◆ Excerpted data ◆
---+---

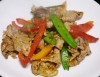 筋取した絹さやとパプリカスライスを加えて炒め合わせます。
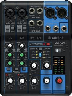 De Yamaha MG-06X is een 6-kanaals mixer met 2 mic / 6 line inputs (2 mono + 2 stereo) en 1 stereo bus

---+---

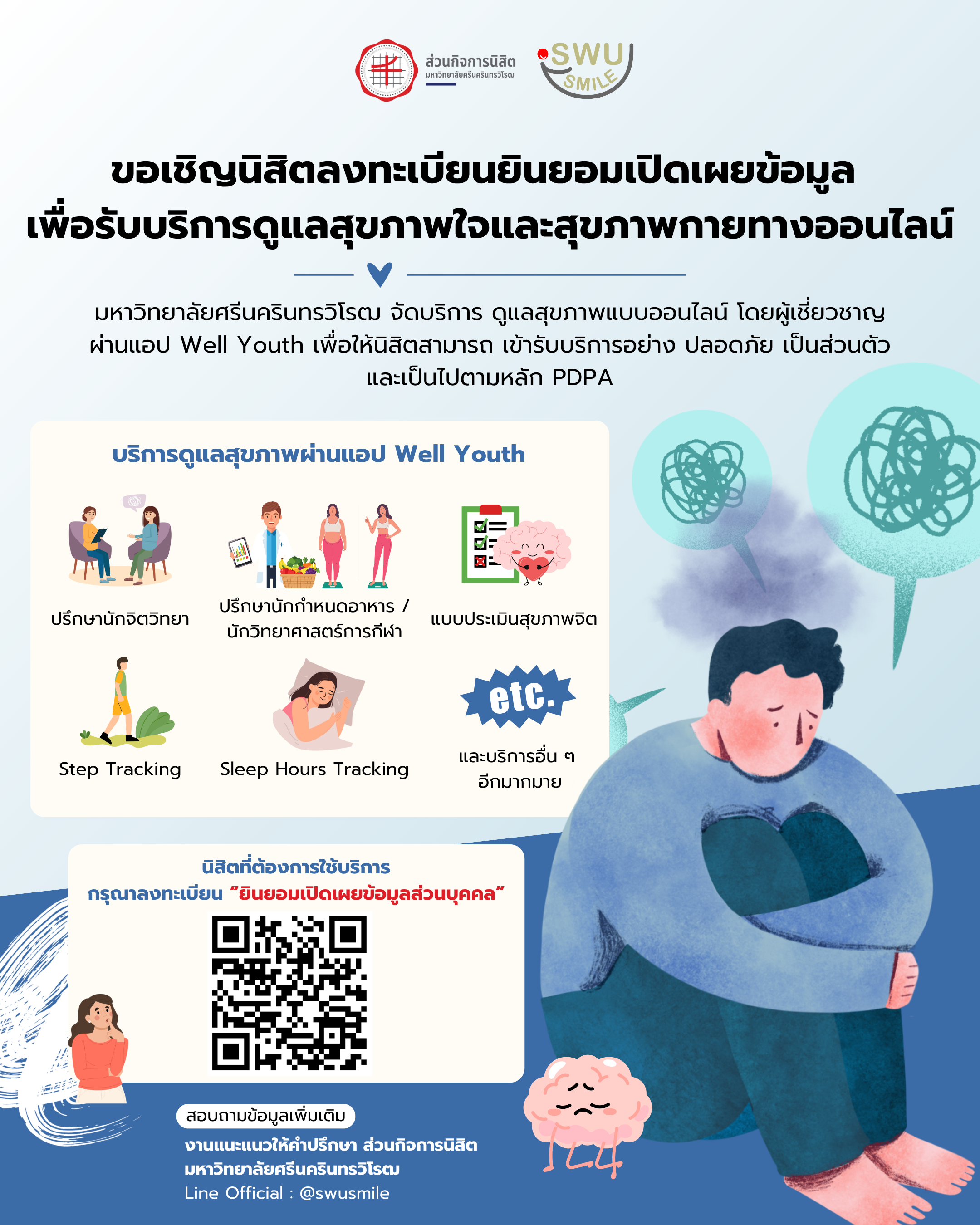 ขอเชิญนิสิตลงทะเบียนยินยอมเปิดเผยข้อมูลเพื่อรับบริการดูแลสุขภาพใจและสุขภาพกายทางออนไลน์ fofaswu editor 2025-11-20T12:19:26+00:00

---+---

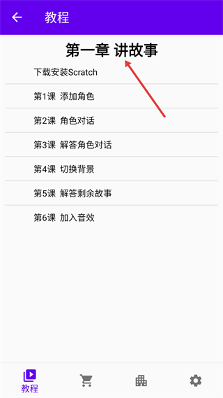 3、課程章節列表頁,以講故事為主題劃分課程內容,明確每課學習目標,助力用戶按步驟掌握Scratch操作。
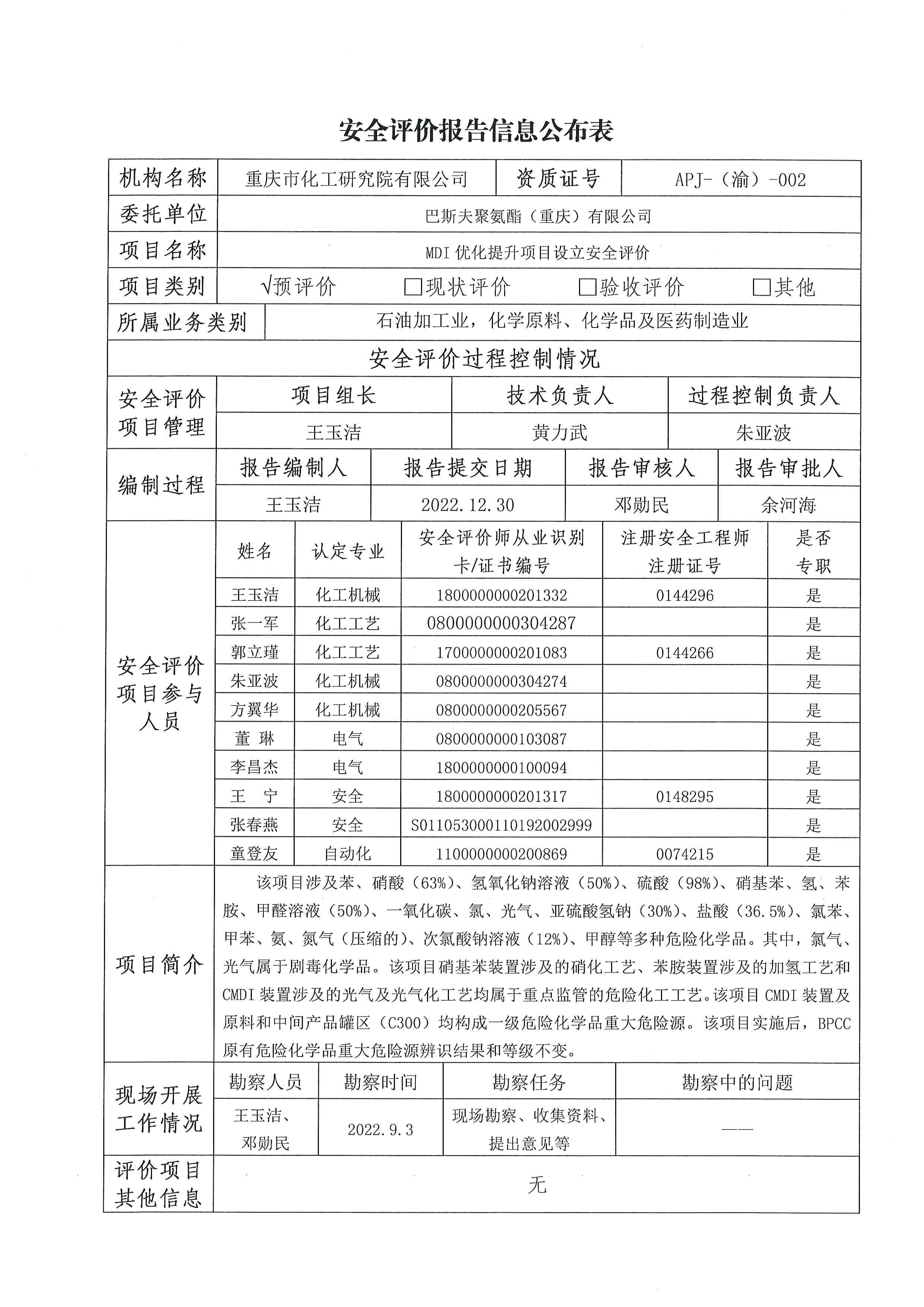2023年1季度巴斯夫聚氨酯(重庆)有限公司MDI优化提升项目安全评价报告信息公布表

---+---

◆ Action item ◆
In the entries above, find the line with "筋取した絹さやとパプリカスライスを加えて炒め合わせます。" and the line with "De Yamaha MG-06X". Return exactly those lines and all the ones between them, pictures excluded.

◆ Solved exercise ◆
 筋取した絹さやとパプリカスライスを加えて炒め合わせます。
 De Yamaha MG-06X is een 6-kanaals mixer met 2 mic / 6 line inputs (2 mono + 2 stereo) en 1 stereo bus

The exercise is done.